In White River Junction and other communities, Windsor County Party Chair Liz Blum and several elected local VPP officials have been working with the Vermont Workers Center and local Occupy activists to fight contraction of the U.S. Postal Service, which would eliminate several hundred union jobs and adversely affect mail delivery in the state. Such nonelectoral activity on behalf of a key labor and community cause barely registers on the radar screen of Vermont Democrats.

Vermont State Labor Council Secretary-Treasurer Traven Leyshon, who also serves on the VPP’s state coordinating committee, says, “Local labor leaders are now willing to support Progressive candidates over Democrats–when they’re credible–because of such pro-labor stances.” In some cases, he said, rank-and-filers have had to overrule the safer, more conservative candidate endorsements favored by their own union lobbyists and political directors.

This small insurgency from below, in Vermont’s public sector-oriented labor movement, mirrors the VPP’s own trajectory in state politics.

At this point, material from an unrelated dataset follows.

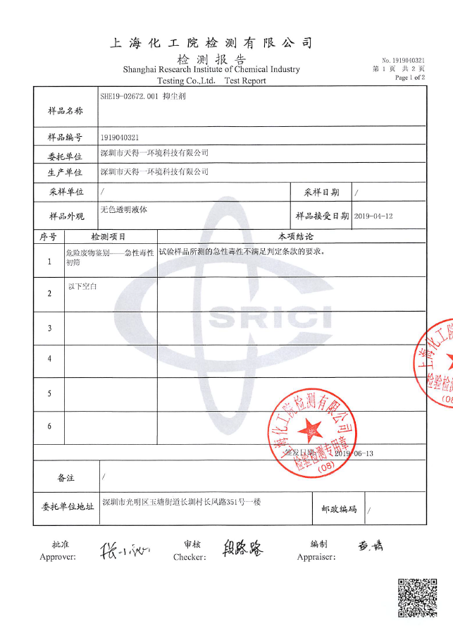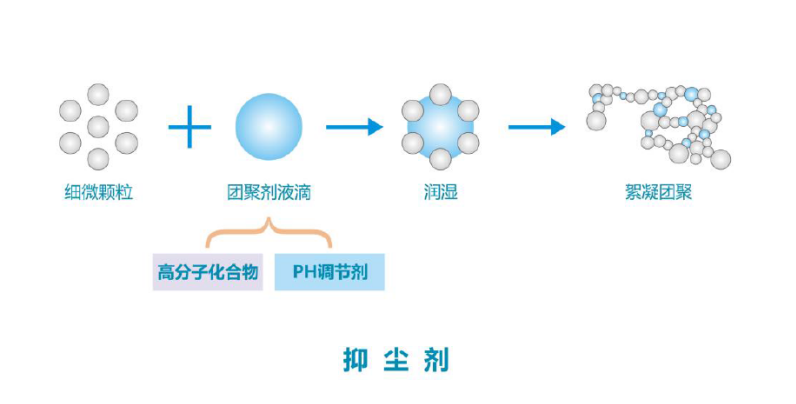 高分子聚合物分子间的交联度会形成网状结构,同时分子间存在各种离子基团,能与离子之间产生较强的亲合力.它的作用机理是通过捕捉、吸附、团聚粉尘微粒,将其紧锁于网状结构之内,起到湿润、粘接、凝结、吸湿、防尘、防浸蚀和抗冲刷的作用。抑尘剂具有良好的成膜特性,可以有效的固定尘埃并在物料表面形成防护膜。
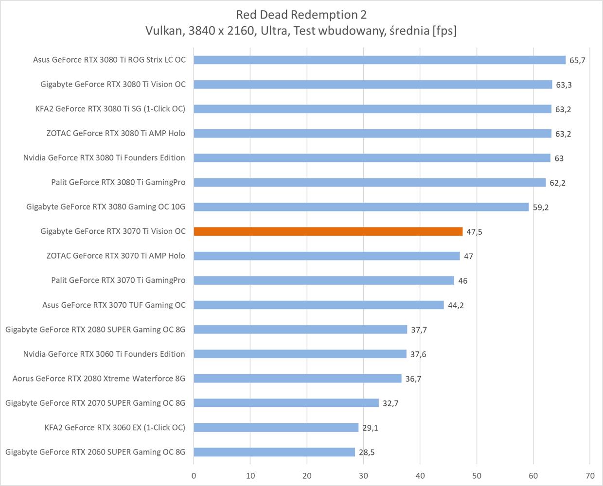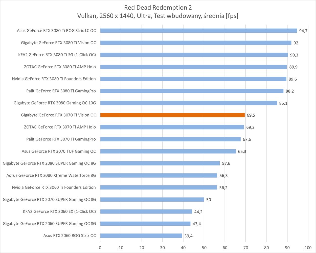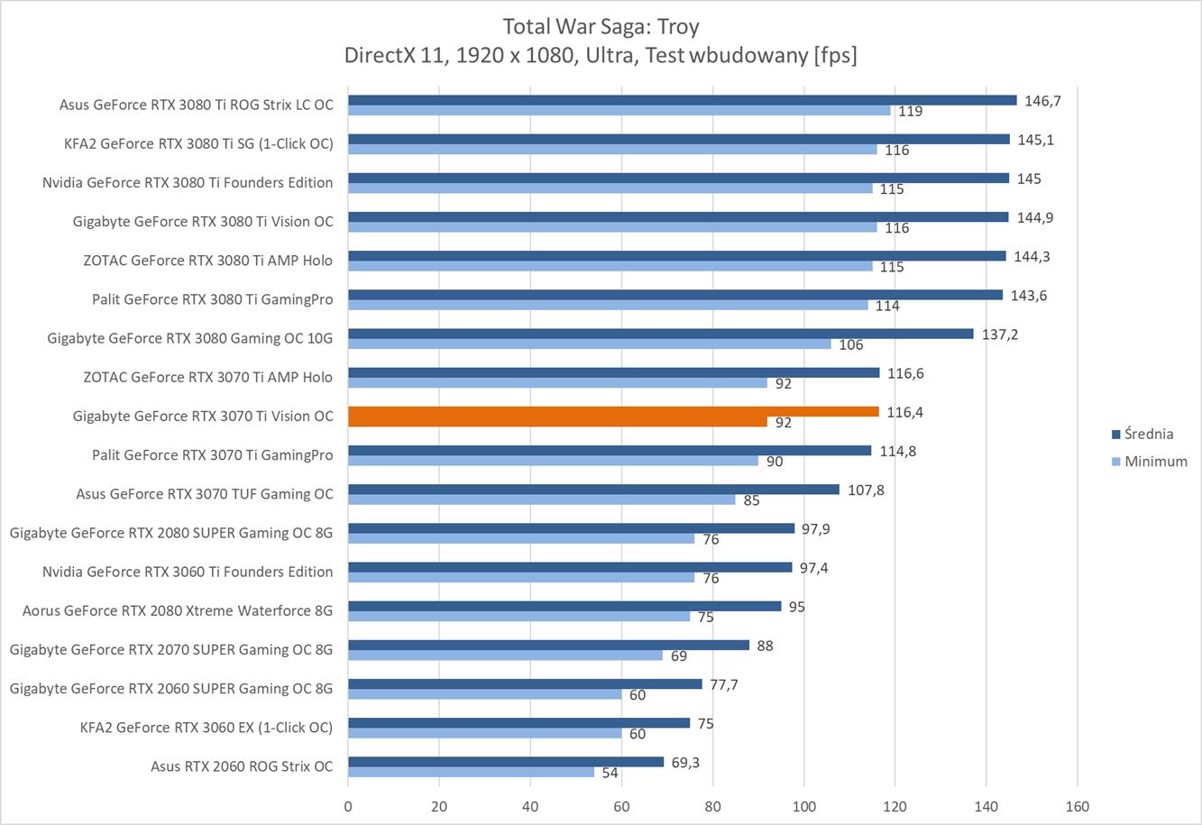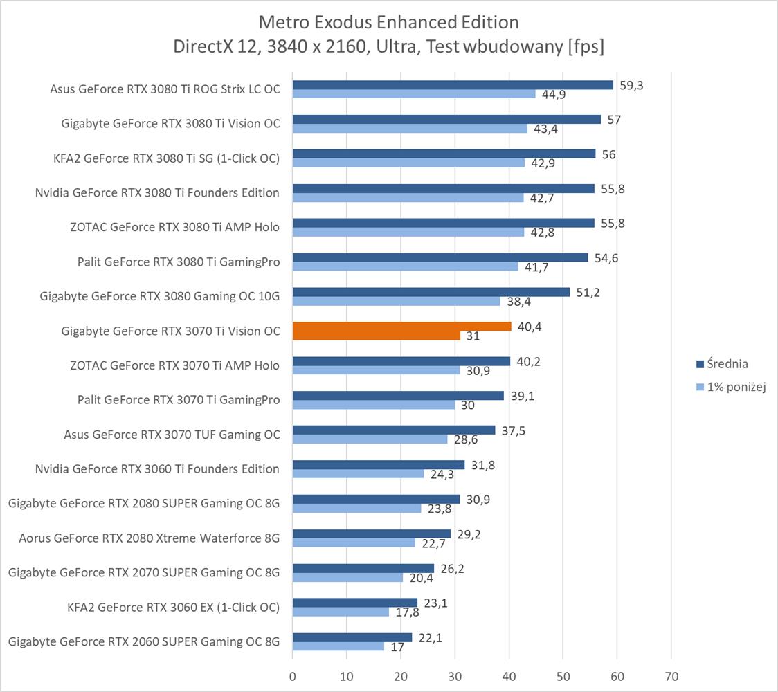 Gigabyte GeForce RTX 3070 Ti Vision OC jest wydajniejszym modelem niż wersja Palita. Wypada on także praktycznie tak samo jak karta ZOTACa – większych różnic tutaj nie ma. Fabryczne OC pozwala więc na zyskanie kilku fps względem niepodkręconych konstrukcji. Ponownie jednak zauważę, że strata do RTX 3080 jest dosyć spora, a sam zysk w stosunku do podkręconego RTX 3070 niezbyt wielki.

In a fashion that one hopes is not too exceptional, Progressives have moved from the margins to Montpelier, from also-ran status to a sometimes influential role in state and local government. If there was more Left partying like this going in other states, at least one of our two major political parties might feel greater pressure to better represent its own much neglected working class constituents. 

Steve Early is a labor journalist and lawyer who has written for numerous publications. He is the author of Embedded With Organized Labor: Journalistic Reflections on the Class War at Home and The Civil Wars in U.S. Labor. Excerpted from In These Times, a nonprofit and independent monthly newsmagazine committed to political and economic democracy.